- Cover of the first Blu-ray volume of the season, featuring Yuji Itadori (foreground) and Ryomen Sukuna (background)
- No. of episodes: 24

Release
- Original network: MBS, TBS
- Original release: October 3, 2020 – March 27, 2021

Season chronology
- Next → Season 2

= Jujutsu Kaisen season 1 =

First season of Jujutsu Kaisen

The first season of the Jujutsu Kaisen anime television series is based on the manga series Jujutsu Kaisen by Gege Akutami. An animated adaptation of the manga was announced in the 52nd issue of Weekly Shōnen Jump, which was published in November 2019. The story focuses on high school student Yuji Itadori as he joins a secret organization of Jujutsu Sorcerers in order to kill a powerful Curse named Ryomen Sukuna, to whom Yuji becomes the host.

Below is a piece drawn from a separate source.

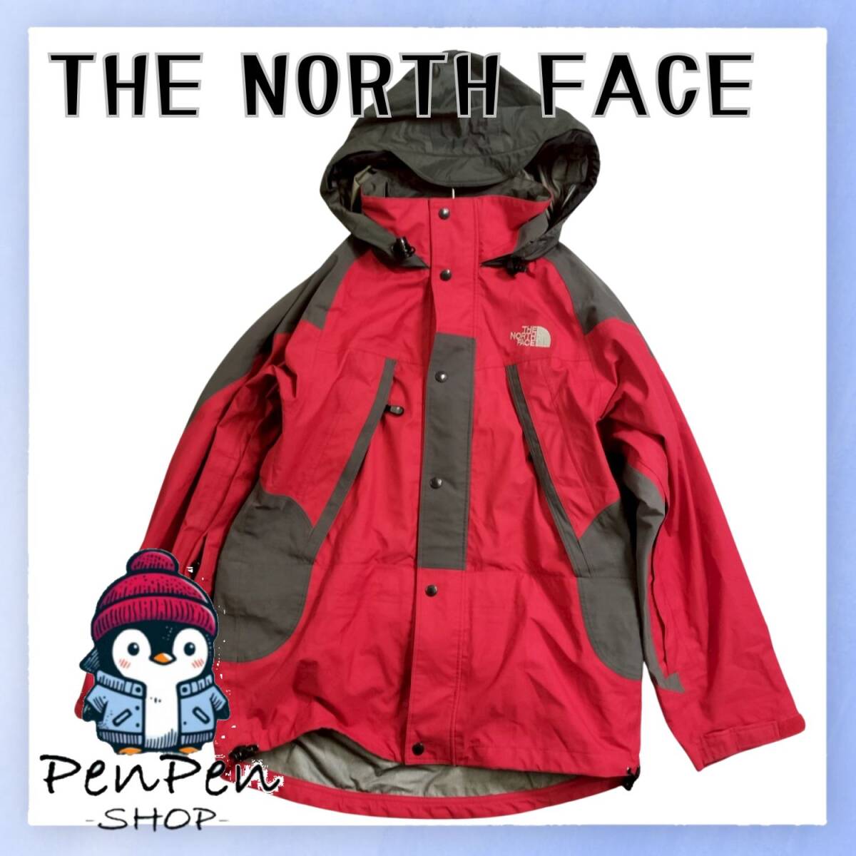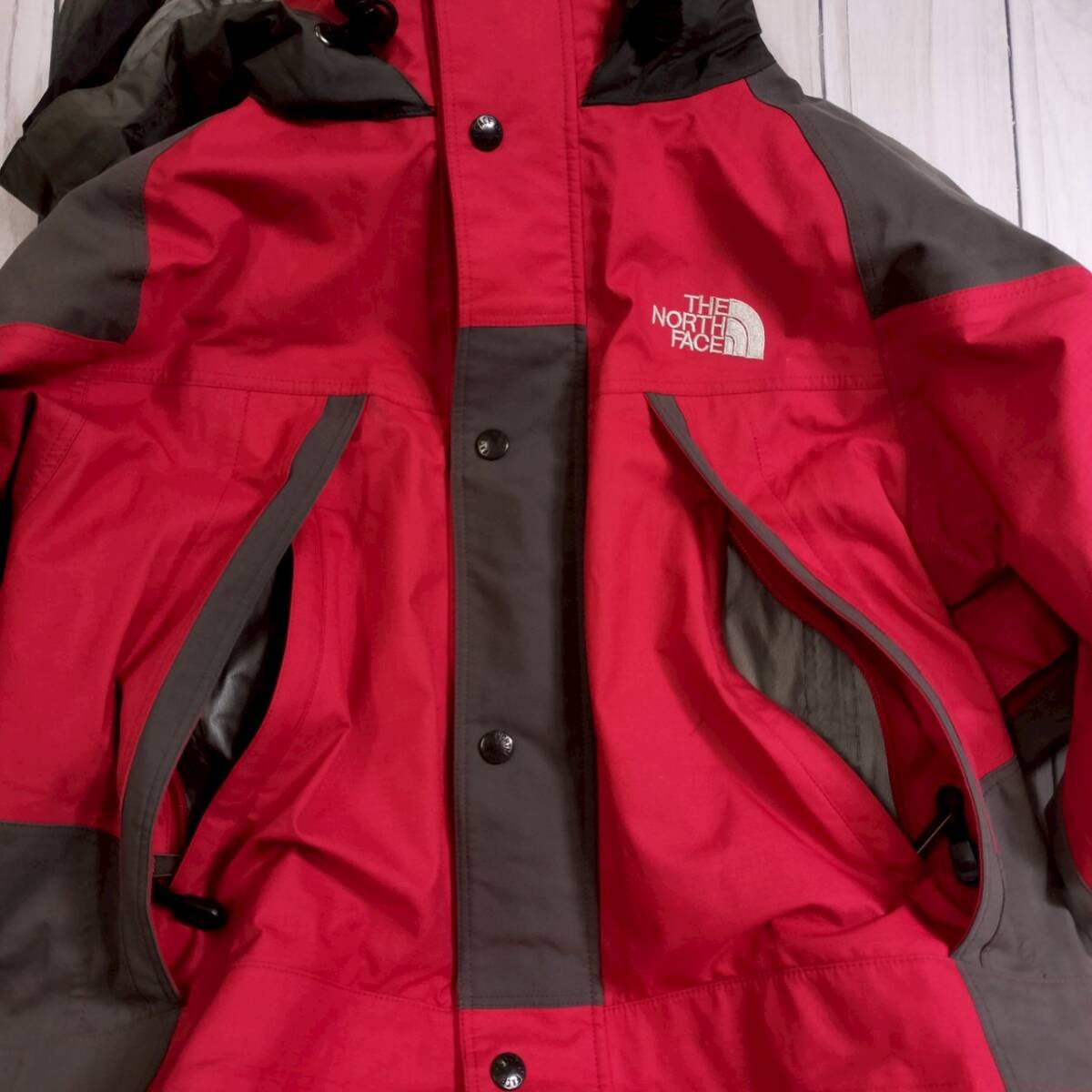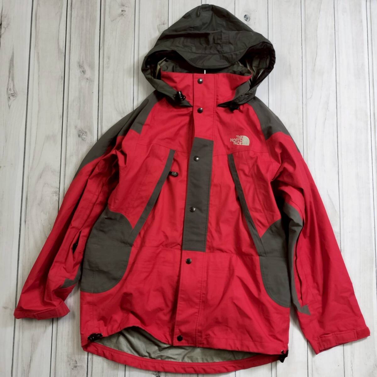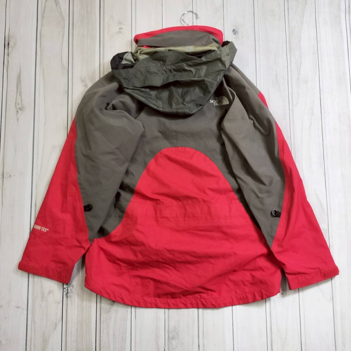 THE NORTH FACE ノースフェイス メンズ マウンテンジャケット GORE-TEX ゴアテックス レッド×グレー フード付 日本製 Lサイズ 防水 防寒

The season was produced by MAPPA and directed by Sunghoo Park. Hiroshi Seko wrote the scripts, Tadashi Hiramatsu designed the characters, and Hiroaki Tsutsumi, Yoshimasa Terui, and Alisa Okehazama composed the music. While the anime had an advanced streaming debut on September 19, 2020, it officially aired on MBS and TBS's Super Animeism programming block from October 3, 2020, to March 27, 2021. The season ran for 24 episodes. From episode 3 onwards the season includes post-credits anime shorts titled "Juju Sanpo" (呪術さんぽ), which focus on the daily lives of the main characters. A Japanese home media collection was released, with its first volume debuting on January 20, 2021.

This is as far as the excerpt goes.